Para além do próprio Barack Obama, há três
personalidades (mais o secretário de Estado do Tesouro da altura Paulsen) que
estiveram no coração das decisões que foram tomadas nos EUA em plena crise Lehman Brothers e que daria origem à por
demais conhecida mas ainda insuficientemente estudada crise financeira de 2008.
Essas três personalidades foram Ben Bernanke à frente dos destinos do FED,
Lawrence Summers como um dos conselheiros mais influentes de Obama e Timothy
Geithner então à frente do Banco da Reserva Federal de Nova Iorque e
posteriormente secretário de Estado do Tesouro, para todos os efeitos
equivalente a ministro das Finanças.
De todas estas personalidades a mais complexa e
controversa é a de Lawrence Summers. É-o porque além do seu enorme prestígio
académico como professor em Harvard, Summers acumulou uma série de empregos no
setor financeiro privado, explicando em meu entender o peso que as suas
palavras e os seus escritos produzem. Bernanke tem origens académicas inequívocas,
estudioso em Princeton da política monetária em crises financeiras, pelo que a
chamada ao FED projetou-o da investigação para a ação. Geithner é dos três o de
projeção mais apagada, até há bem pouco tempo um homem do serviço público em
diferentes e muito diversificadas funções até ao Tesouro americano.
Apesar disso, Geithner é entre as três personalidades
a que tem gerado adversários e detratores mais acérrimos.
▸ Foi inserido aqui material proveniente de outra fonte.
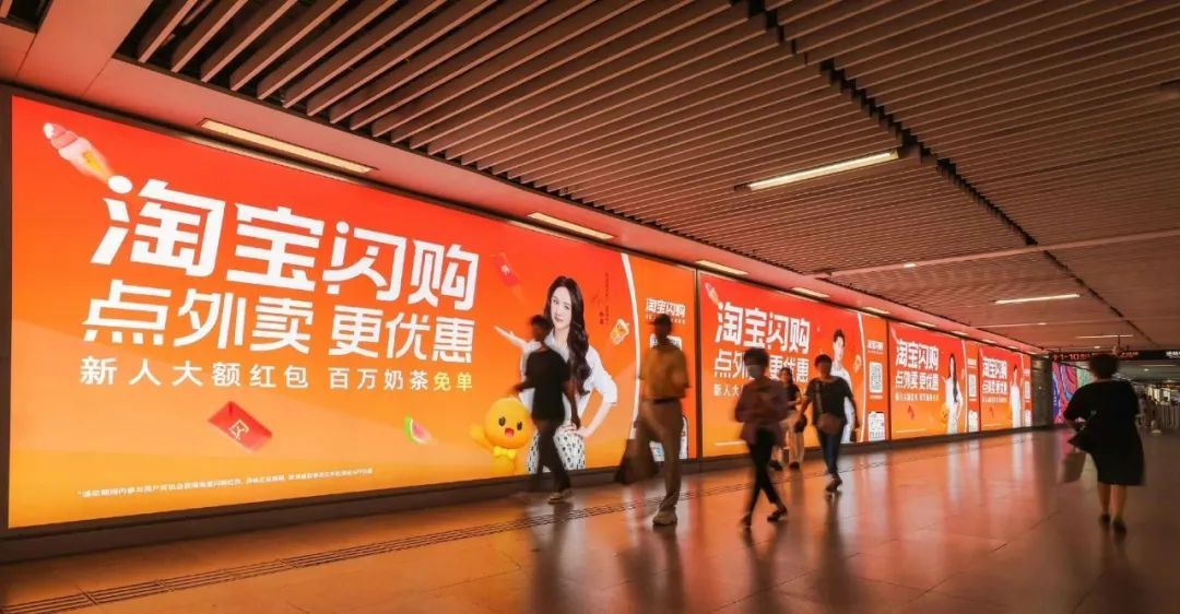 淘宝闪购的明星代言广告,一眼望去满满的橙色,地铁、公交、电梯广告牌……处处是它的踪影,为这个格外炎热的盛夏平添暖色调。

A razão principal prende-se
com o facto dos analistas o associarem decisivamente ao chamado Troubled Asset Relief Programme (TARP), mecanismo
através do qual foram injetados 700 mil milhões de dólares para resgate de Wall
Street, no quadro do que poderíamos designar de “demasiado grande para falir”. Geithner
depois de abandonar a seu pedido o Tesouro americano esteve praticamente ausente
de qualquer tomada de posição ou expressão de opinião. Só agora se anuncia para
esta semana um livro seu, Stress Test,
e o jornalista Andrew Rose Sorkin dedica-lhe, no New York Times Magazine, uma peça jornalística /entrevista publicada
na passada quinta-feira que, na antecâmara do Stress
Test, constitui um documento de rara importância.
Mas afinal onde está a relevância do tema? O TARP
constitui uma das matérias de maior controvérsia na abordagem à crise
financeira de 2008. As razões que explicam a permanência da controvérsia têm
que ver com a impossibilidade de demonstração da contrafactualidade. Por outras
palavras, os defensores da aplicação daquele mecanismo (entre os quais o próprio
Geithner) invocam os efeitos devastadores que a falência de Wall Street teria
determinado (na sequência da não intervenção no Lehman Brothers) caso o TARP não
tivesse sido decidido. Por sua vez, os detratores de tal medida nunca conseguirão
demonstrar a não existência desses efeitos devastadores. Por isso o debate
permanece.
A peça de Sorkin é muito curiosa porque parte do
relato de uma exposição feita por Geithner ao curso de economia de Summers em
Harvard, convidado por este com o anúncio aos seus alunos de que talvez não
compreendam a importância do “agente” Geithner no turbilhão da crise.
Geithner deve ter iniciado com o Stress Test uma tentativa de justificação da
decisão tomada, invocando entre outras coisas que o dinheiro injetado no
resgate de Wall Street terá sido já praticamente reembolsado com juros
correspondentes. Com as devidas proporções, o que se passou com o reembolso do
TARP é coisa de que Teixeira dos Santos não poderá orgulhar-se pois a intervenção
no BPN é coisa que se abateu sobre os contribuintes portugueses e não terá
reembolso possível.
A matéria que me parece mais interessante na peça
de Sorkin é a absoluta relutância de Geithner em acusar as personalidades do
sistema bancário: “As funções que exerci
expuseram-me a banqueiros talentosos de grande experiência e um erro de avaliação
ter-me-á induzido a considerar que o sistema financeiro americano era mais
capaz e ético do que na realidade mostru ser”. Há quem o associe a essa
elite, mas em concreto Geithner nunca exerceu até à sua presidência do FED de Nova
Iorque qualquer função na banca.
Por tudo isto, a leitura do Stress
Test será crucial para compreender se Geithner foi seduzido pela
atração da banca ou se pelo contrário apresenta argumentos consistentes para
justificar a injeção de tal soma em Wall Street.